Home share is based on a matching process. Both parties are introduced to each other, they then decide whether they are compatible and are supported to draw up an informal home sharing agreement, which outlines the expectations on both sides and usually includes the young person providing about 10 hours a week of practical help and often being in the house for a number of nights. Home share matches typically last about a year, but there is no formal contract stipulating the length of an arrangement, nor enforceable periods of notice. Home share has had a remarkably good safeguarding track record in the decades during which it has existed in the UK, based on careful selection and matching participants, clear expectations and building trusting relationships in which both parties take responsibility for the arrangement’s success, rather than resorting to law. Its relational nature makes it feel valuable and fulfilling to its participants, and marks it out from a more formal commercial arrangement. The young person has a licence to occupy their room, and the right which that implies, but they pay no rent to the older person. They usually contribute to the older person’s household bills.
One of the strengths of home share is that, unusually among preventive services which councils under the Care Act 2014 have a duty to develop, it does not require ongoing charitable or state funding. It is funded through both participants paying the home share agency to enable that agency to employ co-ordinators who find, recruit, prepare and match participants, and then continue to provide ongoing support and advice for them, stepping in if something goes wrong and also arranging new matches where a match comes to an end, such as when a young person moves on or an older person needs more formal care. Typically, the young person will pay an upfront fee to cover the costs of ascertaining that they will be able to support an older person. Then the older person will pay a monthly fee, with the younger person paying a larger monthly fee; £30 a week for an older person and £40 for a younger person is typical. The older person pays far less than they would for more formal support, and the younger person far less than if they were renting housing in the normal way. Some home share schemes are formally constituted as charities or community interest companies. All in the Shared Lives Plus Homeshare UK network have signed up to work within a good practice framework and continually evaluate themselves against a self-regulatory quality assurance programme, with Shared Lives Plus staff providing support and a community of practice.
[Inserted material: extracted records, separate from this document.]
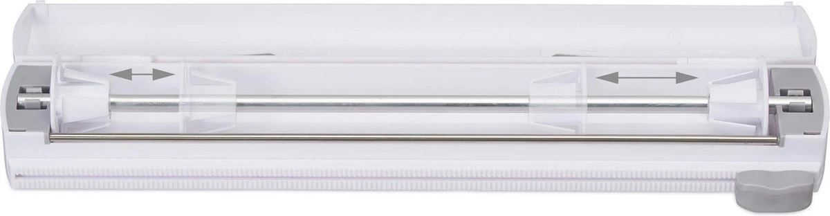 De handige rolhouder in set van 2 stuks is een ideale keukenhulp. De rollenhouder overtuigt doordat hij eenvoudig te gebruiken is. Leg aluminium- of vershoudfolie in de houder, trek de gewenste lengte eruit en beweeg het grijze mesje naar de andere kant. De folie is nu netjes en glad afgesneden. Dankzij de rolhouder hoef jij je niet langer zorgen te maken over ingescheurde of vastklevende folie.
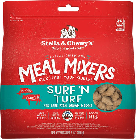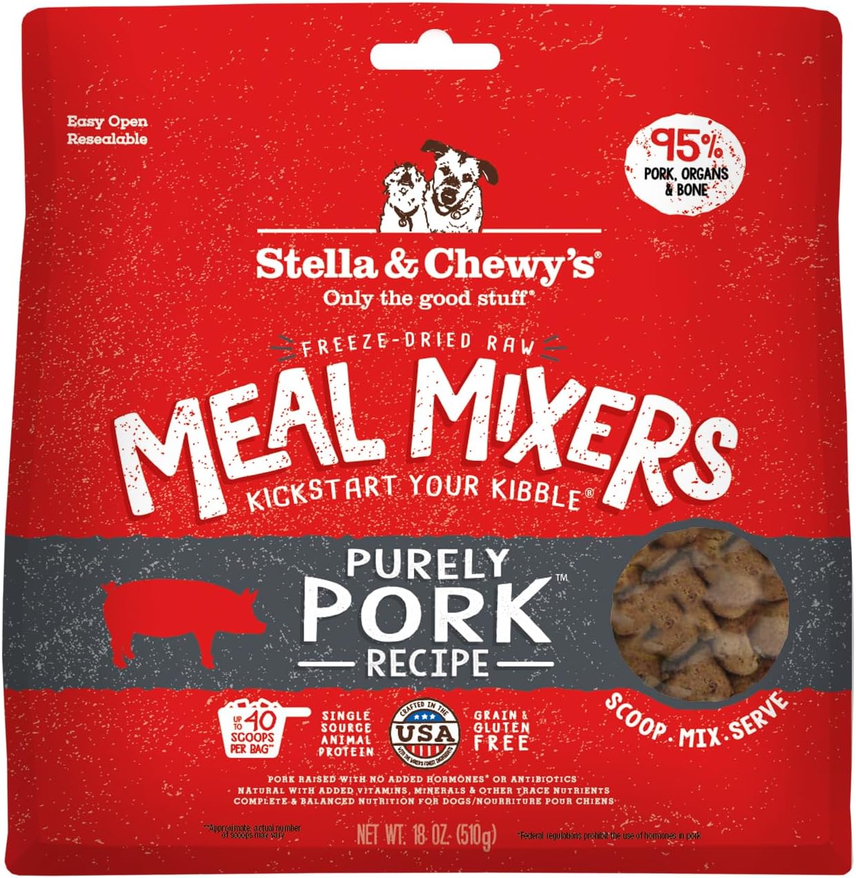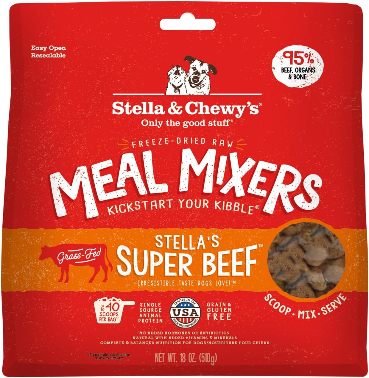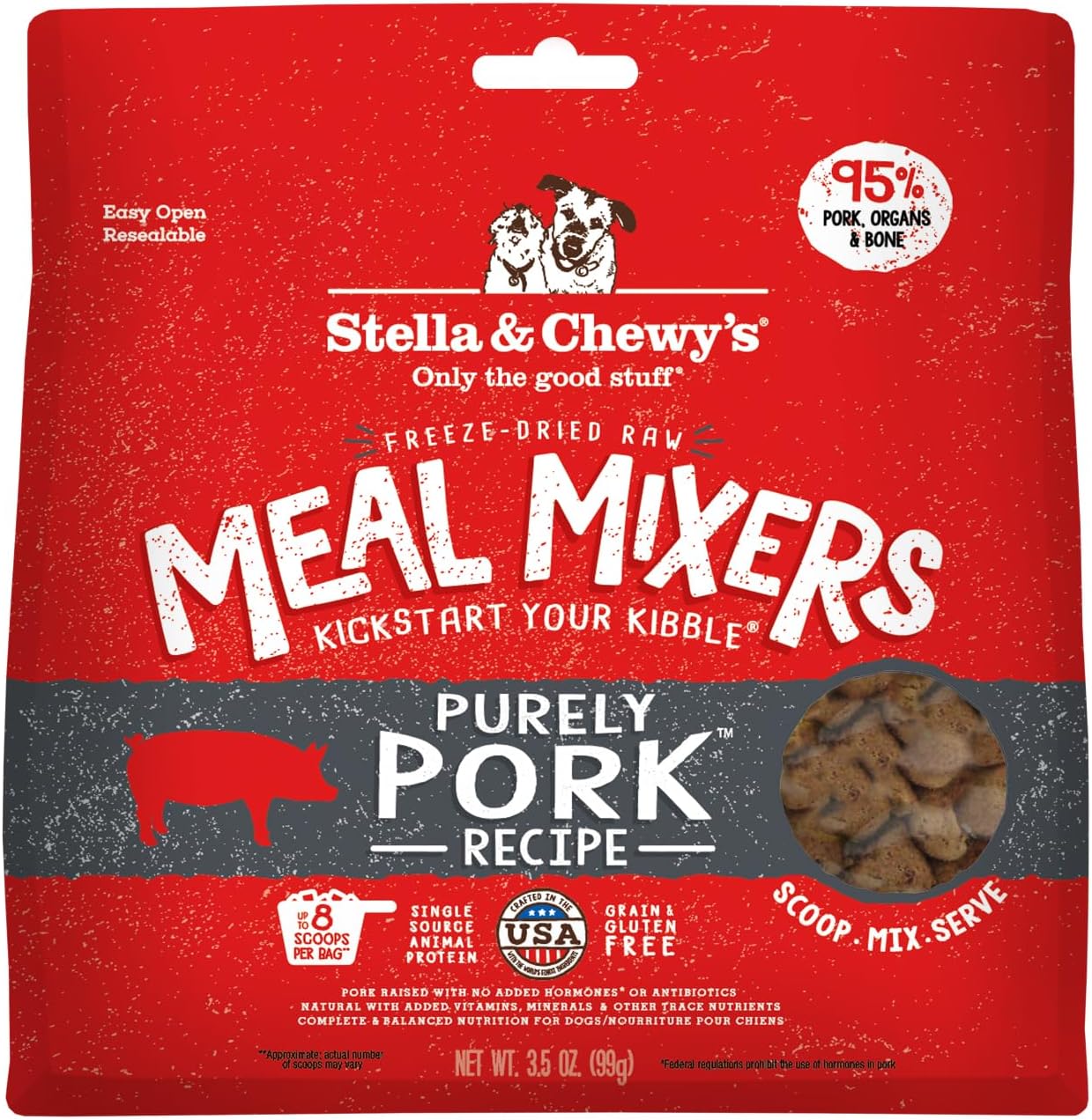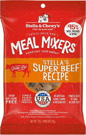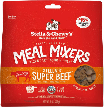 Transform Your Dog's Mealtime with Stella & Chewy's Freeze-Dried Raw Beef Meal Mixers Your dog deserves the nutrition of raw food with the convenience you need. Stella & Chewy's Freeze-Dried Raw Beef Meal Mixers deliver both in a simple, versatile form that dogs love - especially picky eaters! As a Topper: Simply crumble over your dog's regular food to enhance nutrition and flavor (most economical option) As a Complete Meal: Serve as is or rehydrate with warm water for a softer texture and enhanced aroma Premium Ingredients You Can See: 95% farm-raised pork, organs, and bone Organic fruits and vegetables Added probiotics for digestive health Essential vitamins and minerals NO artificial preservatives, colors, or flavors NO grains, gluten, potatoes, peas, lentils, fillers, or by-products Made in the USA with responsibly sourced ingredients in small batches to preserve natural nutrients. Perfect for dogs with sensitivities. Available in multiple sizes to fit your needs.
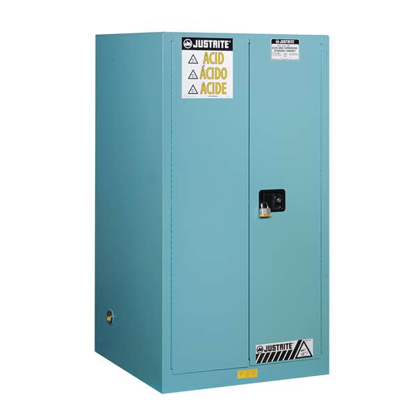 Szafa zabezpieczająca na materiały korozyjne, stojąca, jest niezbędna wszędzie tam, gdzie wykorzystywane i składowane są substancje niebezpieczne na stanowisku pracy. Zapewnia bezpieczne magazynowanie materiałów żrących, korozyjnych, w celu ochrony personelu i mienia.
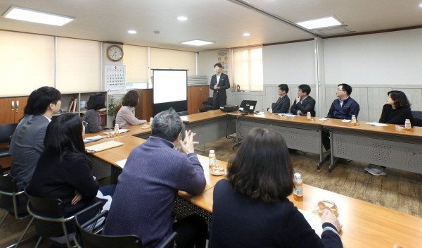 서울 광진구가 지난 4일 오후 5시30분 광장동 주민센터에서 ‘찾아가는 청렴 간담회’를 열었다. 사진은 광장동 주민센터 전직원, 감사담당관 조사순찰팀, 총무과 인사팀 직원들이 이야기를 나누는 모습.(사진제공=광진구청)
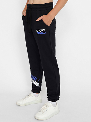 Брюки с притачным поясом и манжетами. В пояс вставлена резинка и функциональный шнур. Пояс и манжеты выполнены из полотна с эластаном. В боковой части брюк располагаются карманы. На передней части в области колена расположен декоративный подрез. На задней части брюк расположена декоративная вставка контрастного цвета. Карман декорирован вязаной нашивкой.
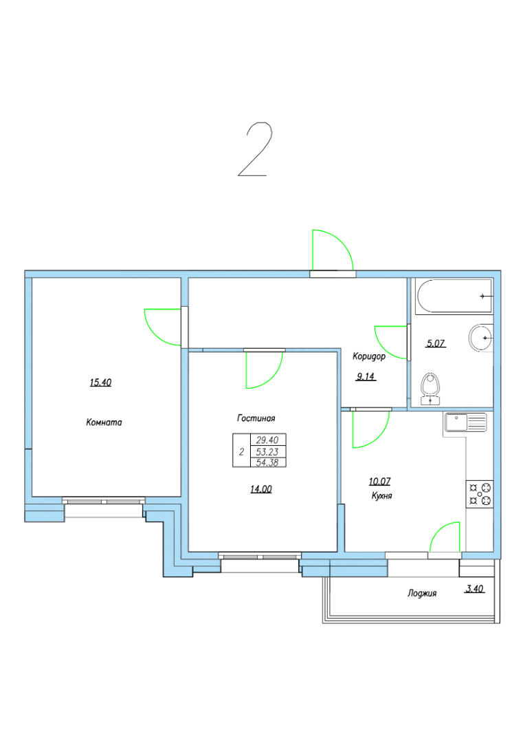 2-комнатная квартира 54,38 м²
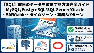 SQL 【SQL】前日のデータを取得する方法完全ガイド|MySQL/PostgreSQL/SQL Server/Oracle・SARGable・タイムゾーン・実務8パターン
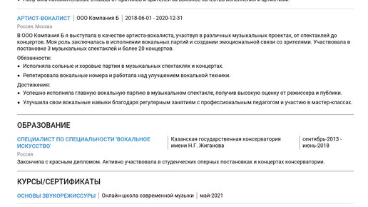 Пример резюме артиста-вокалиста 2025 - Как составить
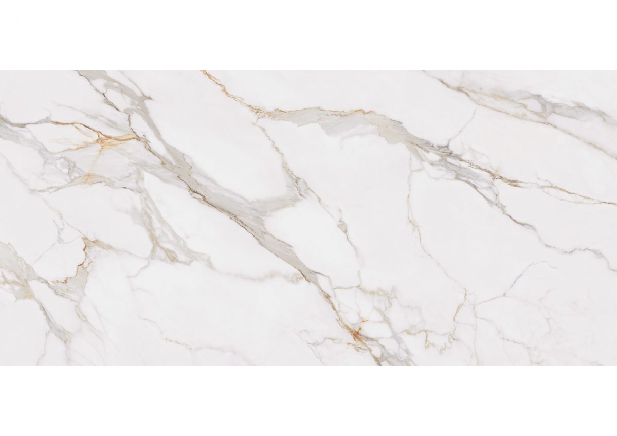 Marble Calacatta Oro ofrece una lectura contemporánea de uno de los mármoles más preciados, con su distintivo veteado en tonos visón que fluye de forma natural sobre una base blanca nívea.
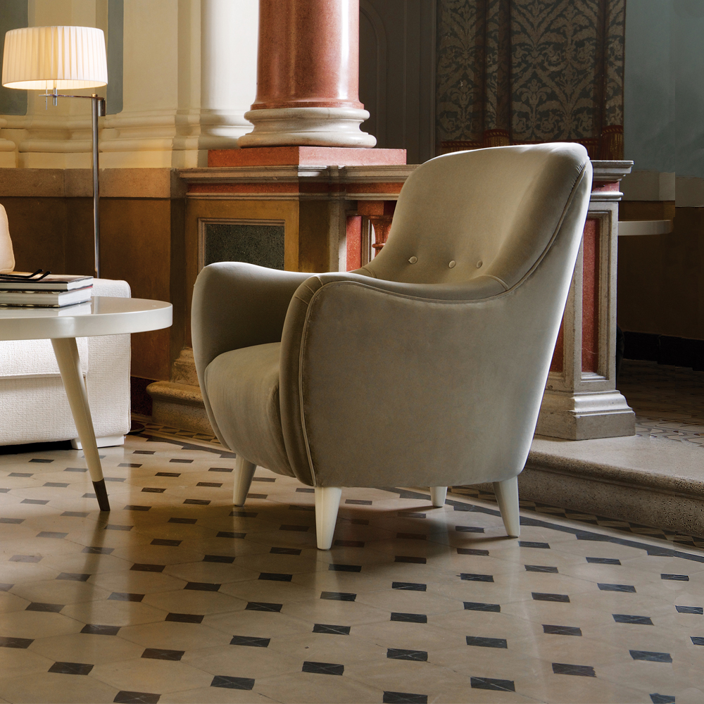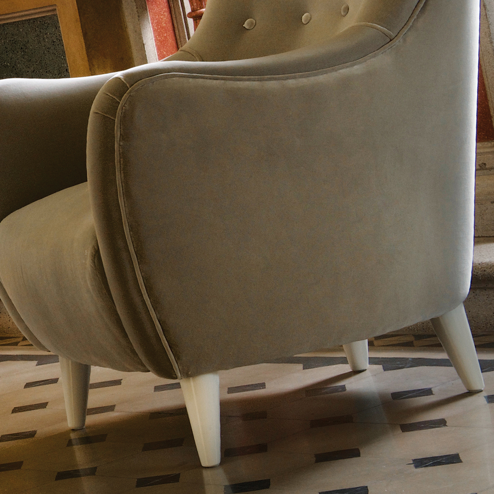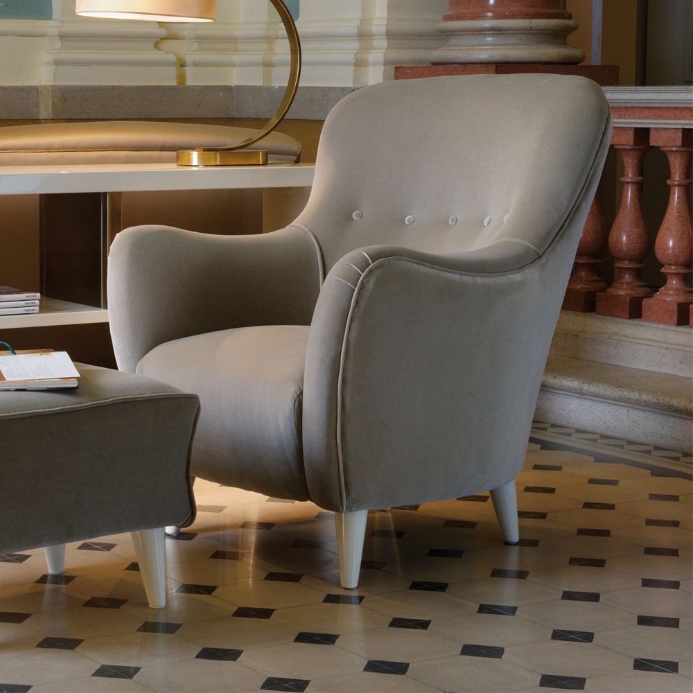 The High End Designer Armchair is a remarkable design offering unmistakable style and comfort. Superbly executed by master Italian craftsmen this sophisticated design is outstanding in its attention to detail. This curvaceous design makes a superb focus and a stylish addition to any living space. Featuring button detailing, this exquisite design offers a superbly comfortable seat. Luxurious, truly reflecting refined contemporary elegance.

Of the 23 home share schemes which are part of the Shared Lives Plus network, six now report that they are financially sustainable through this model, and the number of older people supported has risen from 250 in 2017 to 350 in 2018. In other European countries the figure is already in the thousands, and 17 other countries have home share programmes globally.
If home share schemes are considered to be letting agencies under the definition of the Bill, and if the fees they charge younger people are considered to be banned under its provisions, the home share model as it stands would have to alter in ways its practitioners consider would make it unsustainable. It is considered essential to the model that the younger person does not pay rent. This is not only because the model selects young people who want to support an older person, and older people who want companionship and help, but because it selects young people to give them a start in life, rather than people who want to engage in a commercial boarding arrangement. Often, older people do not have the confidence to let a room commercially. Younger people too report that they would not be able to provide the support an older person requires, especially those with early signs of dementia, without the specialised support of a home share agency.
For the home share sector to continue with its laudable aim of being self-sustaining, rather than reliant on charitable or council funding, the Bill could require the older person to begin charging rent to the younger person. Furthermore, this rent would then need to be collected in increased fees to the older person by the home share agency. This would be confusing to the older person in particular, and could require them to submit complex information about their income and outgoings to HMRC for taxation purposes, and could impact on their benefits status. This would add to the challenges of the sector’s aim of bringing home share to lower-income older people. It would lose its simplicity.
Home share is a no brainer. In the words of Dawn Austwick, Chief Executive of the Big Lottery Fund:
“Homeshare offers a new and sustainable model for people to live more independently and take control of their lives through supporting one another”.
I am sure none of us would wish to place barriers to its growth at a time when our health and care systems, and the older people they support, desperately need innovative solutions to the scourge of loneliness and to the shortage of good social support many older people experience. Low-level support and companionship at an early stage can reduce or delay the need for more formal and expensive crisis support later on. Home share clearly does not financially exploit younger people. It provides them with a valuable role, companionship at a time when younger people’s loneliness is also in the spotlight, and accommodation at lower cost than the traditional alternatives.
Obviously, it is important not to create any loopholes through which commercial letting agents could jump. However, could not genuine home share programmes be excluded from the provisions of the Bill by virtue of the fact that they act in a way that no commercial letting agents could imitate? In a genuine home share, the “landlord” is paid nothing for accommodation by the tenant or the co-ordinating organisation. No commercial letting agent could operate on the basis that a landlord would be paid nothing by either it or the tenants.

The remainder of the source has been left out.